═════ Supplied information ═════

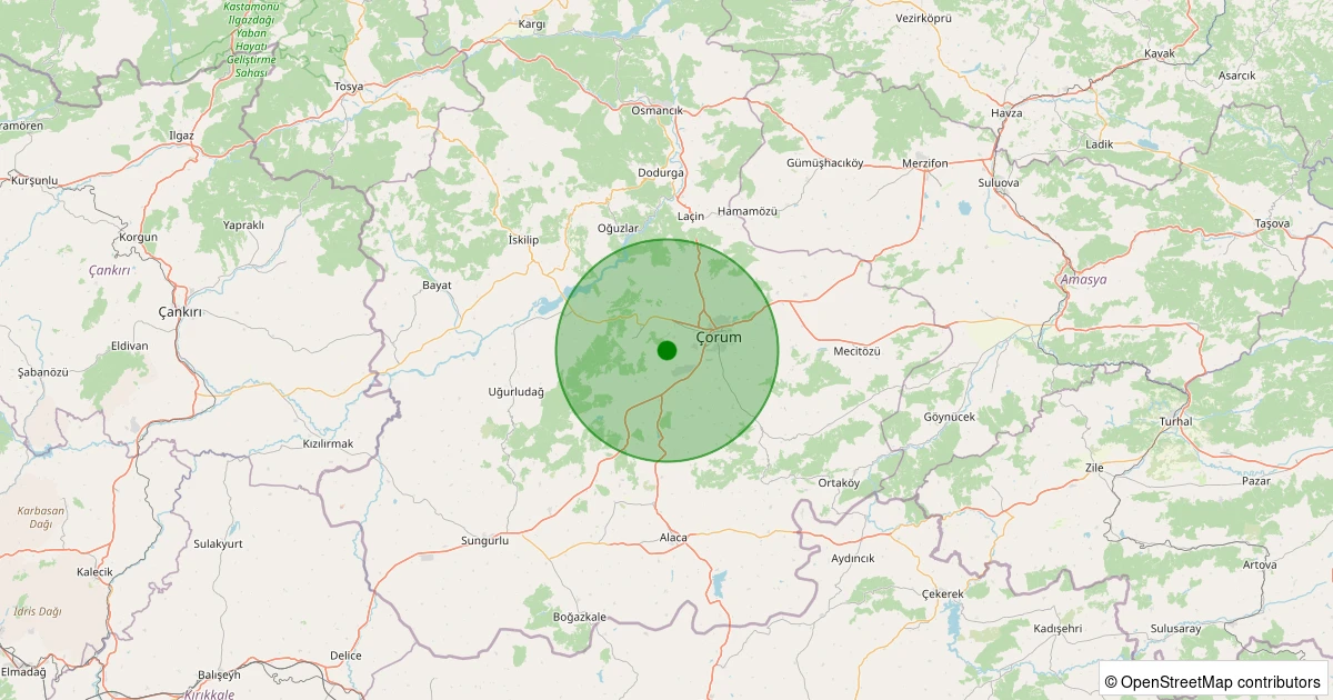 Son bir hafta içerisinde Çorum şehri Merkez - Güzelyurt Köyü noktasından 100 km yarıçap içerisinde toplamda 15 deprem kaydedilmiştir. Bu depremlerden en büyüğü 2.3 büyüklüğünde ve en sığ odaklısı 5.00 kilometre derinlikte gerçekleşmiştir.
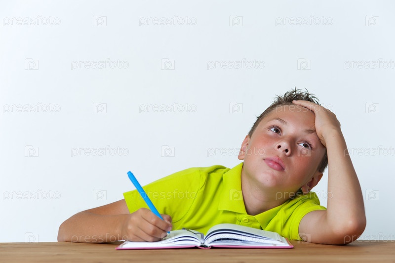 Усталый мальчик с тетрадкой
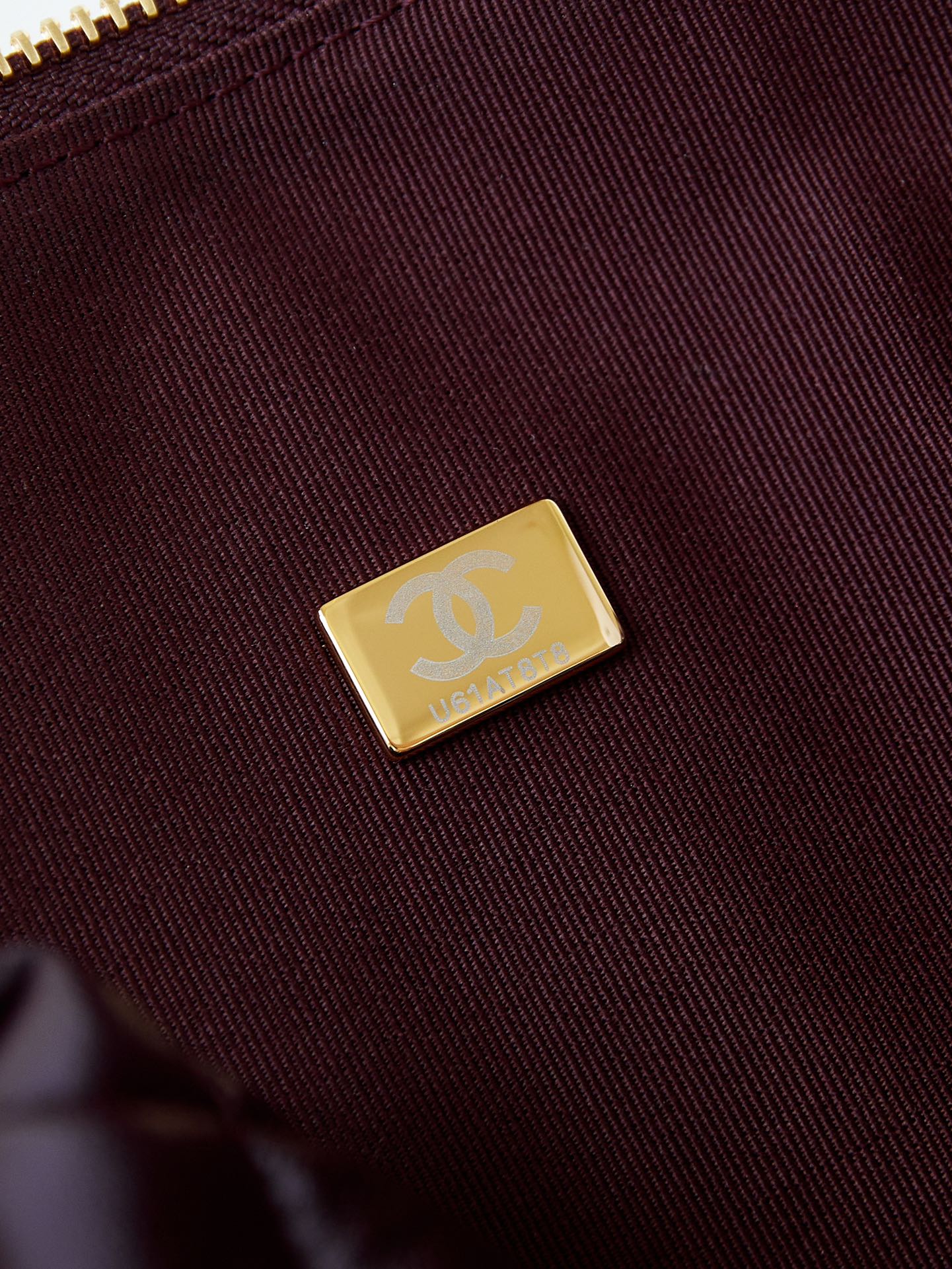 CC 24K Hobo Bag 23cm Black Shiny Lambskin

═════

Your instructions> What is needed is the whole listing again, exactly as written, with the images left out.

Response to the exercise>
 Son bir hafta içerisinde Çorum şehri Merkez - Güzelyurt Köyü noktasından 100 km yarıçap içerisinde toplamda 15 deprem kaydedilmiştir. Bu depremlerden en büyüğü 2.3 büyüklüğünde ve en sığ odaklısı 5.00 kilometre derinlikte gerçekleşmiştir.
 Усталый мальчик с тетрадкой
 CC 24K Hobo Bag 23cm Black Shiny Lambskin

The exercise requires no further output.